И всё, знаете, в этом роде на их счет разъезжаю. Собеседники мои, видя, что я в таком азарте, уже меня не трогают, а только, кои повеселее, посмеиваются да ноготками об рюмки с хересом пощелкивают, а милота моя, застенчивый человек Евграф Иванович, весь стыдом за меня проникся – набрал со стола полную горсть карточных двоек, растопырил их в обеих руках веером, весь ими закрылся и шепчет:
– Ах, Порфирий Никитич, ах, бес-с-сстыд-д-дник какой, что-о-о он рассказывает! В ва-с со-о-страдания нет…
Меня эта краснодевственность его еще больше взорвала.
«Вот так, – думаю, – у нас всегда, у русских: правый, с чистой совестью, сидит да краснеет, а нахал прожженный, как вороватый кухонный кот-васька, знай уписывает, что стянул, и ухом не ведет.»

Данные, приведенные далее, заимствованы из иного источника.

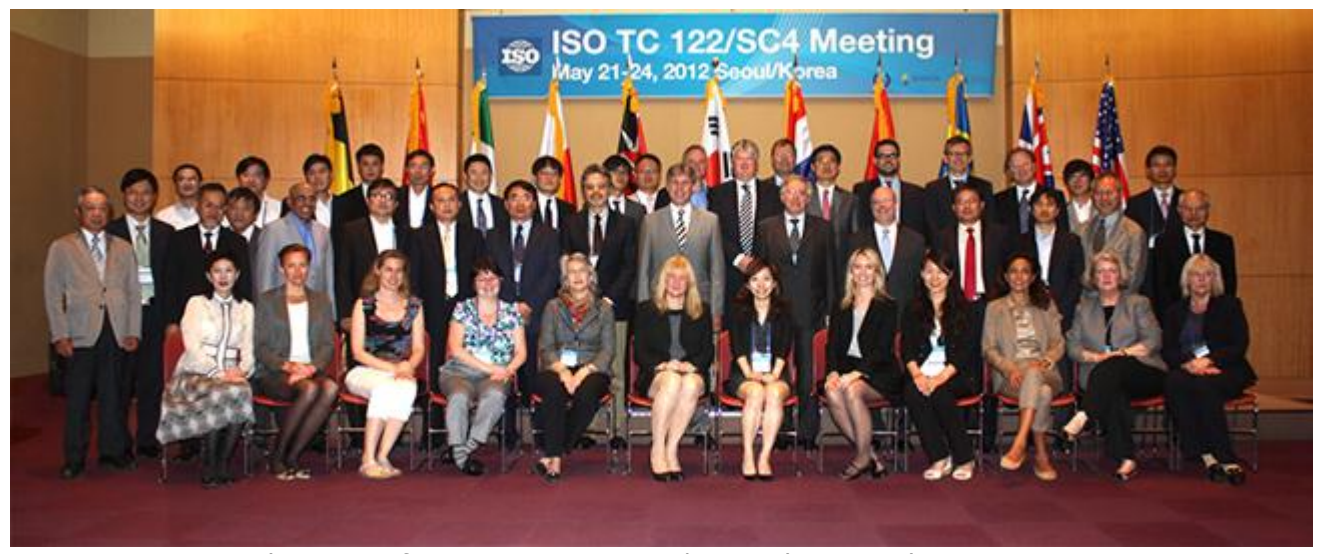
The Group of ISO Committee TC122/SC4 Packaging and Environment

И с этим оглянулся назад, где за столом сидел раздражавший меня провиантщик, и вижу, что он и точно ухом не ведет. Чтобы он не слыхал этого моего широковещания насчет всей его почтенной корпорации, – этого и быть не могло; но сидит себе, как сидел, курит большую благовонную регалию да козыряет. И как все у человека очень много зависит от настроения, то уж мне кажется, что и козыряет-то, или, просто сказать, картами ходит он как-то особенно противно: так это, знаете, как-то их словно от себя и пальцем не шевеля пошвыривает: «дескать, на вам, сволочи, – мне все это наплевать». Еще он мне этим стал отвратительнее через то, что как будто он же надо мною своим спокойствием некоторого верха брал: я надрываюсь, задираю, гавкаю на него, как шавка на слона, a он и ухом не хлопнет. Я и полез еще далее.
«Ну так врешь же, – думаю, – волк тебя ешь! Ты у меня повернешься; я, брат, человек русский и церемониться не стану; приятен или неприятен буду хозяину, а уж я тебя жигану». И жиганул: все, что знал о нем лично, все в нехитром иносказании и пустил.
– Мы, – говорю, – честные русские люди, которых никто не смеет воровством укорить, мы, израненные, искалеченные после войны, еще и места себе нигде добиться не можем, нам и жен прокормить не на что, а этим протоканальям, как они по части хаптус гевезен отличатся, все так и садит: и в мирное время им есть место на службе и даже есть место в обществе, и жены у них в шелку да в бархате, а фаворитки еще того авантажнее…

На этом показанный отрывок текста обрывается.